■ Exercise directions:
After locating the line that contains "To make the", quote it and all lines after it through the end of the entries, and nothing more. Pictures stay out.

┌─ Supplied records

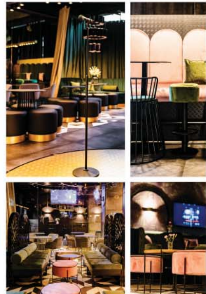
SOHO Vienna, Karaoke & Cocktail bar
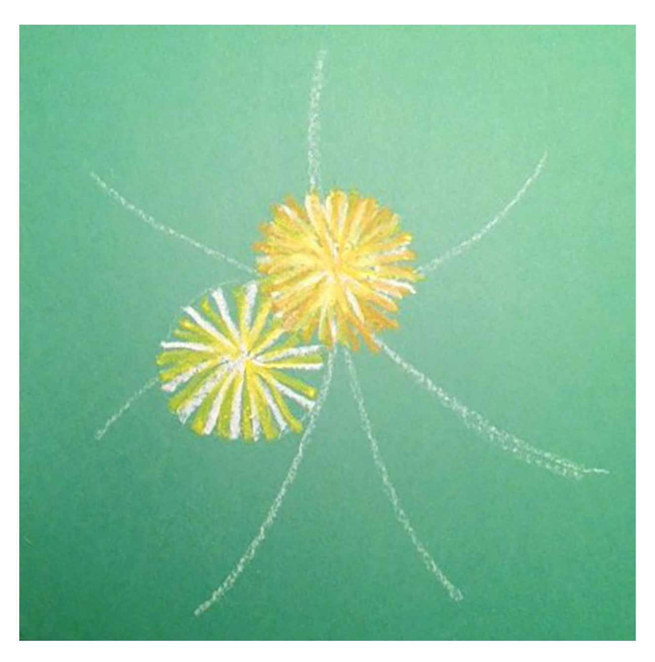
To make the "puff balls", draw bunches of small stars with white pastels. You can lightly trace out a circle shape as a guide.
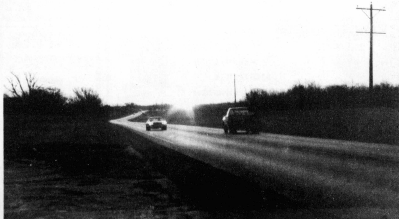
WELCOME SIGHT—After days of rain, weeks of heavy fog, the bright winter sunshine that arrived the other morning was a welcome sight. This scene, taken on Highway 271, showed the golden warmth spreading over the edge of the horizon.
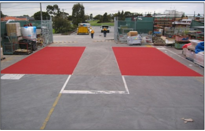
Bunnings Loading Dock
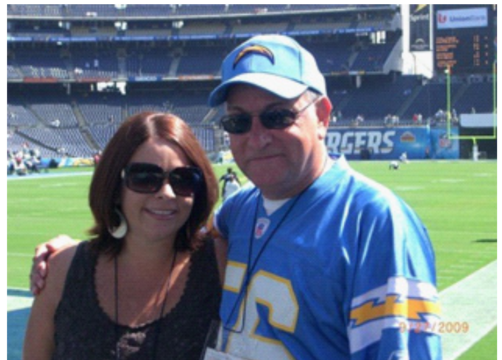
Charger Fan ....always
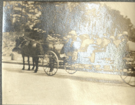
Our drive from Deal Harbor to Bear Harbor

└─

■ Output:
To make the "puff balls", draw bunches of small stars with white pastels. You can lightly trace out a circle shape as a guide.
WELCOME SIGHT—After days of rain, weeks of heavy fog, the bright winter sunshine that arrived the other morning was a welcome sight. This scene, taken on Highway 271, showed the golden warmth spreading over the edge of the horizon.
Bunnings Loading Dock
Charger Fan ....always
Our drive from Deal Harbor to Bear Harbor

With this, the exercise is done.